Write out all the entries word for word, but skip any images.

BEGIN Provided material

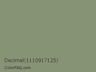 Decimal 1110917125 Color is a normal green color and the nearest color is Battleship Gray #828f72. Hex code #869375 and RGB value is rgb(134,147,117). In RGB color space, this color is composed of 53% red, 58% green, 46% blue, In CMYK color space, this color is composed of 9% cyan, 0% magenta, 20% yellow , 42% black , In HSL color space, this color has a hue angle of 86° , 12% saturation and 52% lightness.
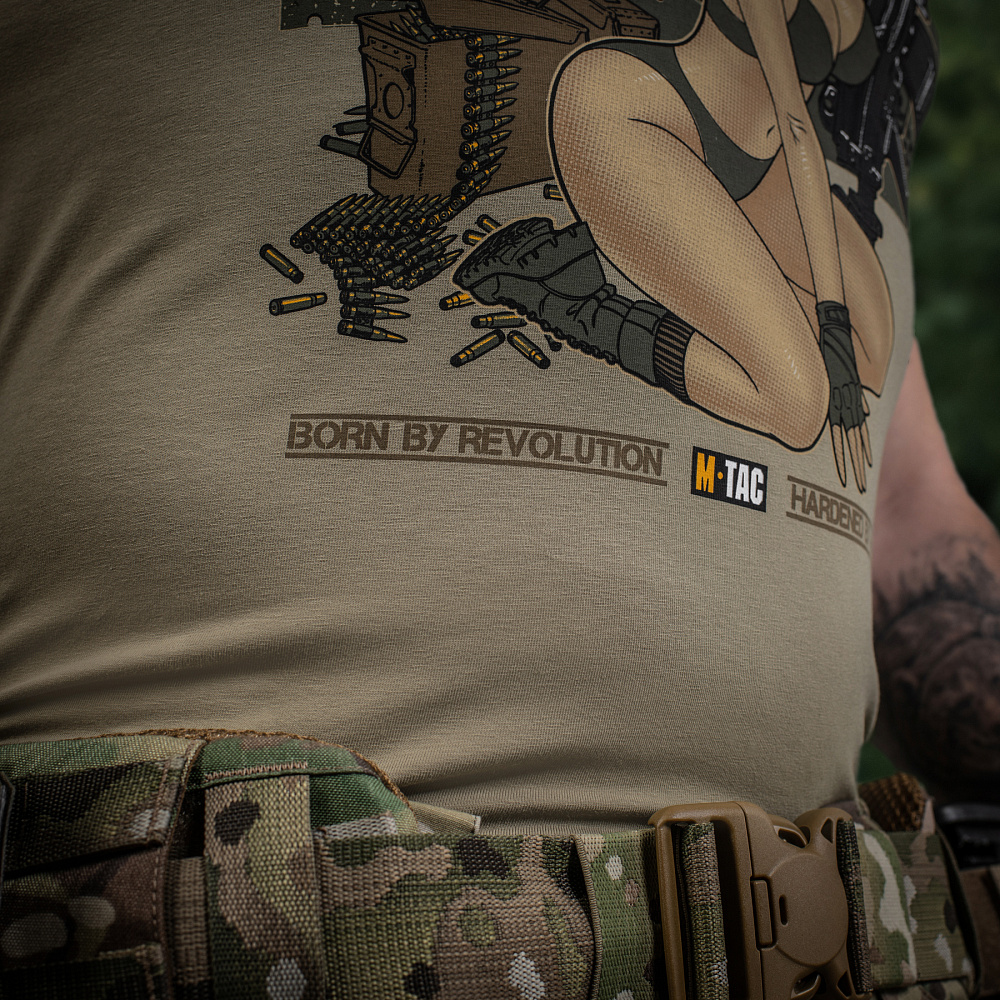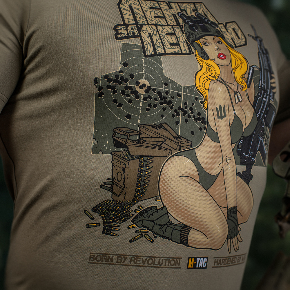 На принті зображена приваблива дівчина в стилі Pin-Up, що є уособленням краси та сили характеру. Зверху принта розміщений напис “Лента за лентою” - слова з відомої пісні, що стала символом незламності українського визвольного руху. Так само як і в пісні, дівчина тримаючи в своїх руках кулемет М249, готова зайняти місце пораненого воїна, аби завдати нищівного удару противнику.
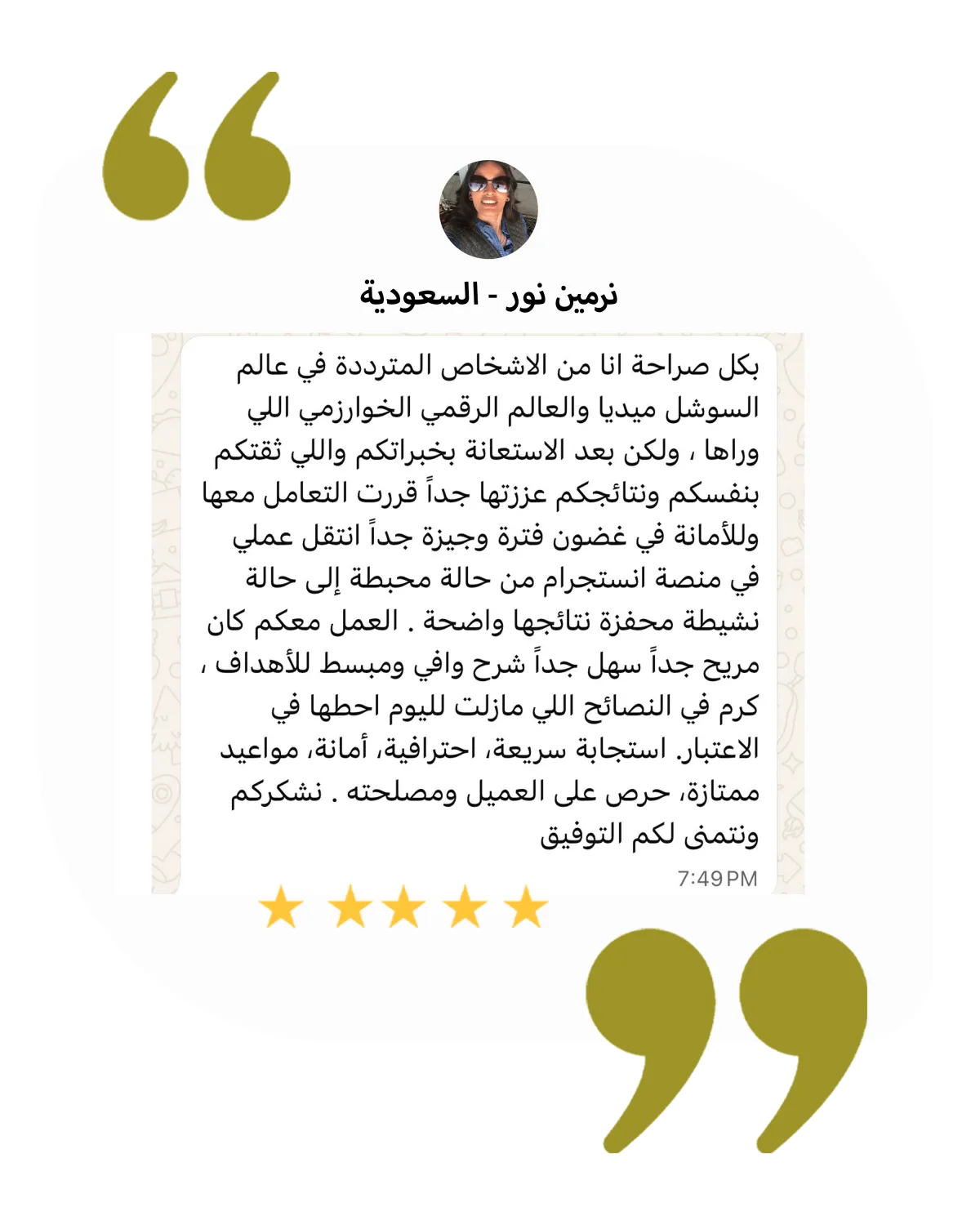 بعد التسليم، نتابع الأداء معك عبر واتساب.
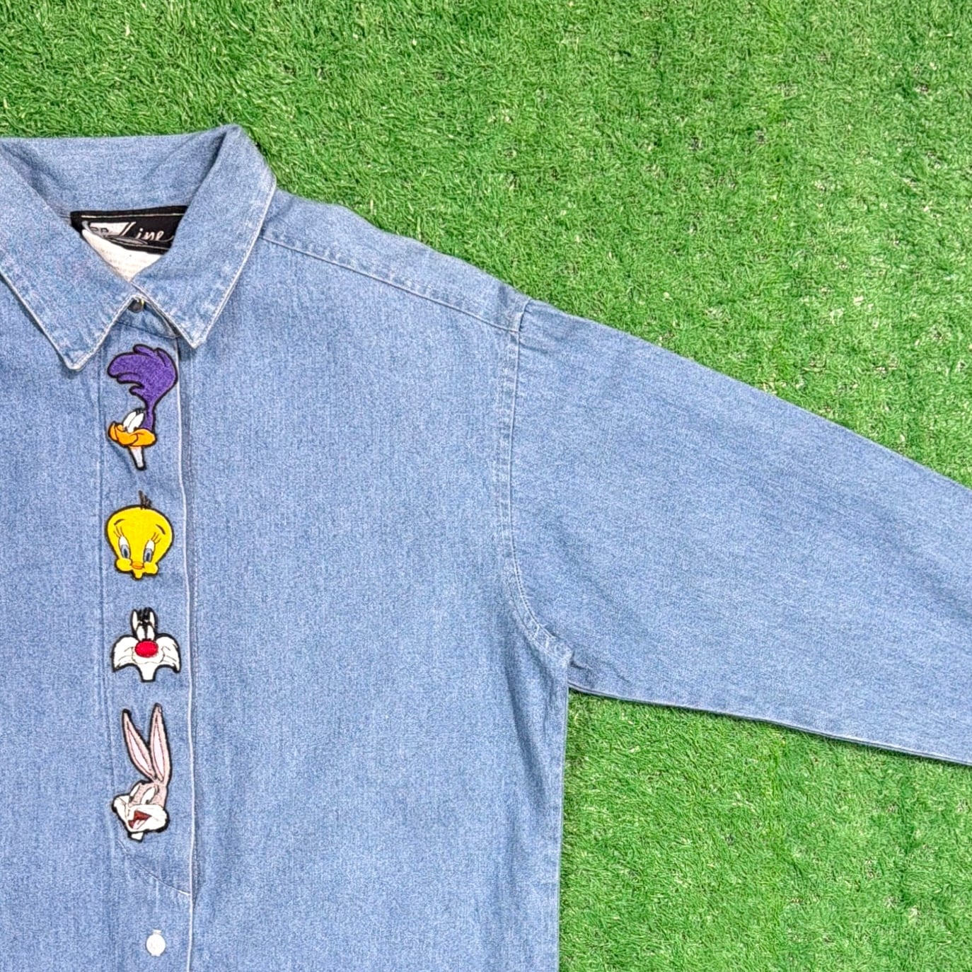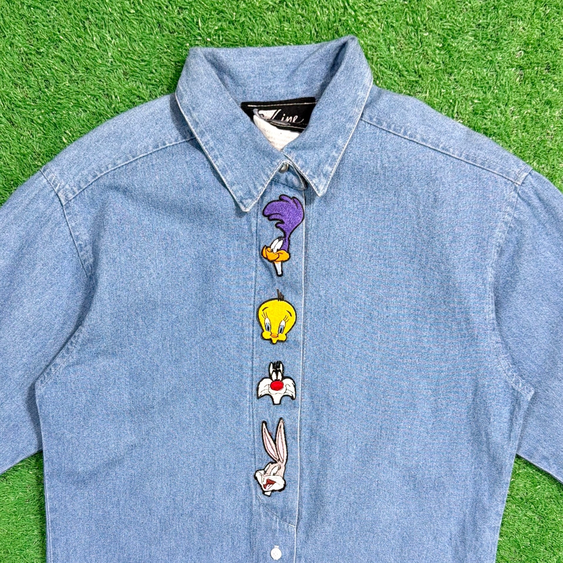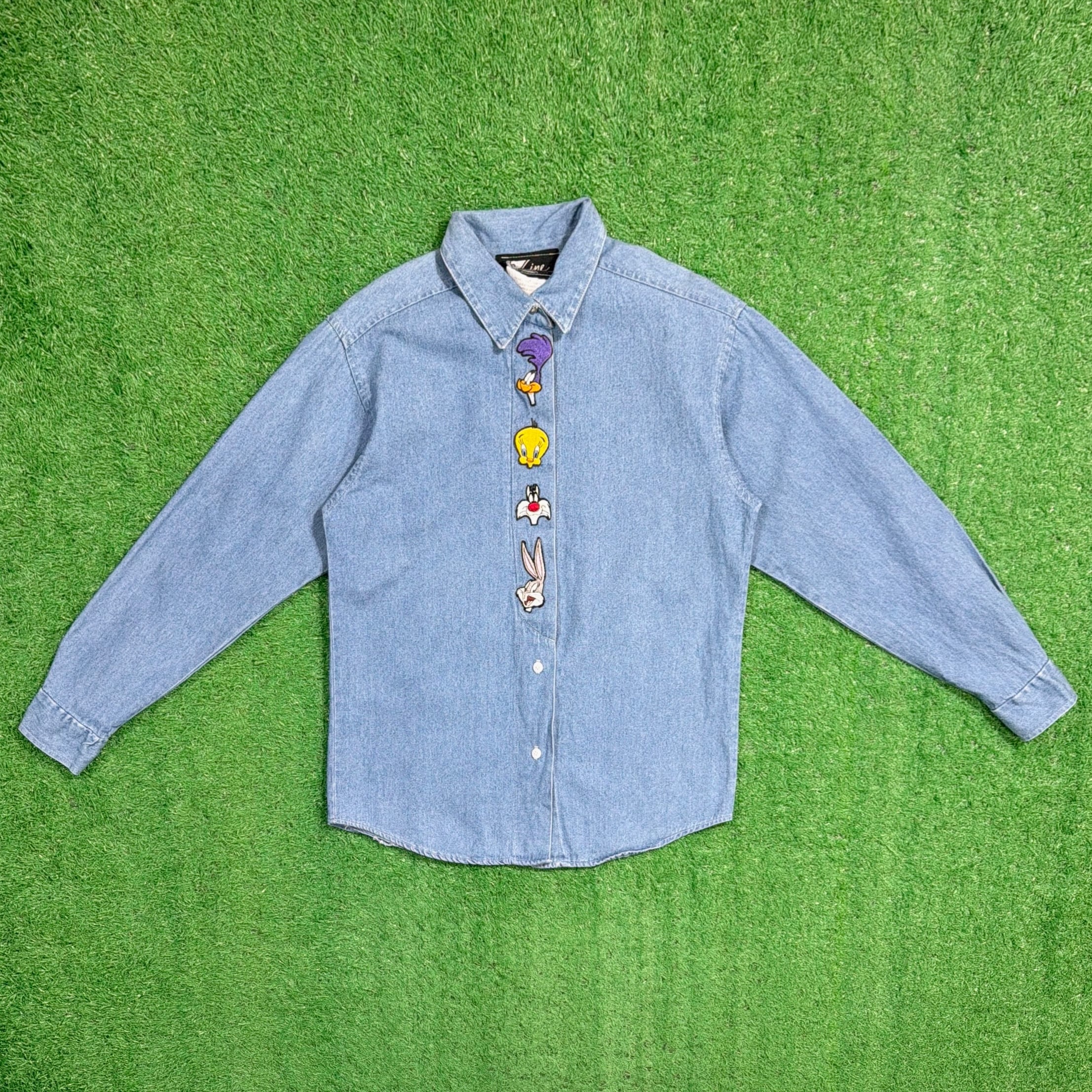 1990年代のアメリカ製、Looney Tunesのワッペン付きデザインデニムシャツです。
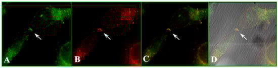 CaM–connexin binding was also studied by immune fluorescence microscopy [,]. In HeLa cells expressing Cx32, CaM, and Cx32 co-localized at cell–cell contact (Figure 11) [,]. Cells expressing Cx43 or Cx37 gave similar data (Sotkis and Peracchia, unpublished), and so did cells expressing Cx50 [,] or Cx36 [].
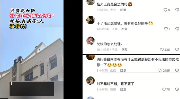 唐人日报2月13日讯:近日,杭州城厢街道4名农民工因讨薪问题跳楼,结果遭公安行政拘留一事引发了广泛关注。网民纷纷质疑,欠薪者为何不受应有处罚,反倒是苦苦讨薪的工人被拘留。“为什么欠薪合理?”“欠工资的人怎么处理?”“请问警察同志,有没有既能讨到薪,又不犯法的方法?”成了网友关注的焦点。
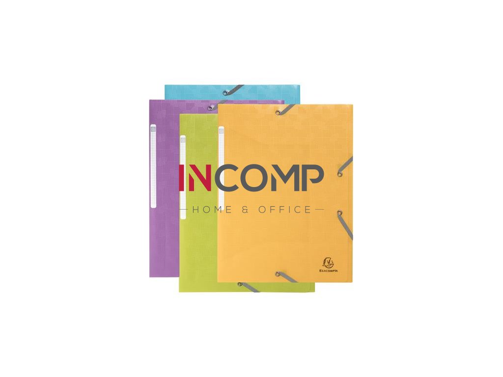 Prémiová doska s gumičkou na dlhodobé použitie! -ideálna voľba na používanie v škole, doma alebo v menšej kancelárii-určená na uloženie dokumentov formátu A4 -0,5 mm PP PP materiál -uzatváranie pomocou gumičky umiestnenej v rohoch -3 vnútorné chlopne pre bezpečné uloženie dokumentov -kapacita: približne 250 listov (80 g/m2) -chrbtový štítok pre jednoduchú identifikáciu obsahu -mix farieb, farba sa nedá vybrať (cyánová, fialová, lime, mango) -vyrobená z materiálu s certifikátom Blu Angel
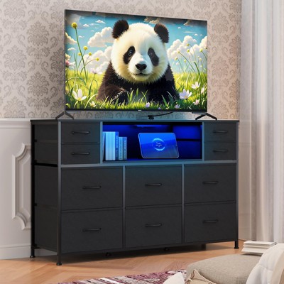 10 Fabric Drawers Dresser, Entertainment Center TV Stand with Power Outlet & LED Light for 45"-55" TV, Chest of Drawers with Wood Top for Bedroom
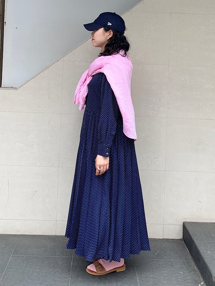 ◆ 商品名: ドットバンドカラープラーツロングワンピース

END Provided material

Answer for the task
 Decimal 1110917125 Color is a normal green color and the nearest color is Battleship Gray #828f72. Hex code #869375 and RGB value is rgb(134,147,117). In RGB color space, this color is composed of 53% red, 58% green, 46% blue, In CMYK color space, this color is composed of 9% cyan, 0% magenta, 20% yellow , 42% black , In HSL color space, this color has a hue angle of 86° , 12% saturation and 52% lightness.
 На принті зображена приваблива дівчина в стилі Pin-Up, що є уособленням краси та сили характеру. Зверху принта розміщений напис “Лента за лентою” - слова з відомої пісні, що стала символом незламності українського визвольного руху. Так само як і в пісні, дівчина тримаючи в своїх руках кулемет М249, готова зайняти місце пораненого воїна, аби завдати нищівного удару противнику.
 بعد التسليم، نتابع الأداء معك عبر واتساب.
 1990年代のアメリカ製、Looney Tunesのワッペン付きデザインデニムシャツです。
 CaM–connexin binding was also studied by immune fluorescence microscopy [,]. In HeLa cells expressing Cx32, CaM, and Cx32 co-localized at cell–cell contact (Figure 11) [,]. Cells expressing Cx43 or Cx37 gave similar data (Sotkis and Peracchia, unpublished), and so did cells expressing Cx50 [,] or Cx36 [].
 唐人日报2月13日讯:近日,杭州城厢街道4名农民工因讨薪问题跳楼,结果遭公安行政拘留一事引发了广泛关注。网民纷纷质疑,欠薪者为何不受应有处罚,反倒是苦苦讨薪的工人被拘留。“为什么欠薪合理?”“欠工资的人怎么处理?”“请问警察同志,有没有既能讨到薪,又不犯法的方法?”成了网友关注的焦点。
 Prémiová doska s gumičkou na dlhodobé použitie! -ideálna voľba na používanie v škole, doma alebo v menšej kancelárii-určená na uloženie dokumentov formátu A4 -0,5 mm PP PP materiál -uzatváranie pomocou gumičky umiestnenej v rohoch -3 vnútorné chlopne pre bezpečné uloženie dokumentov -kapacita: približne 250 listov (80 g/m2) -chrbtový štítok pre jednoduchú identifikáciu obsahu -mix farieb, farba sa nedá vybrať (cyánová, fialová, lime, mango) -vyrobená z materiálu s certifikátom Blu Angel
 10 Fabric Drawers Dresser, Entertainment Center TV Stand with Power Outlet & LED Light for 45"-55" TV, Chest of Drawers with Wood Top for Bedroom
 ◆ 商品名: ドットバンドカラープラーツロングワンピース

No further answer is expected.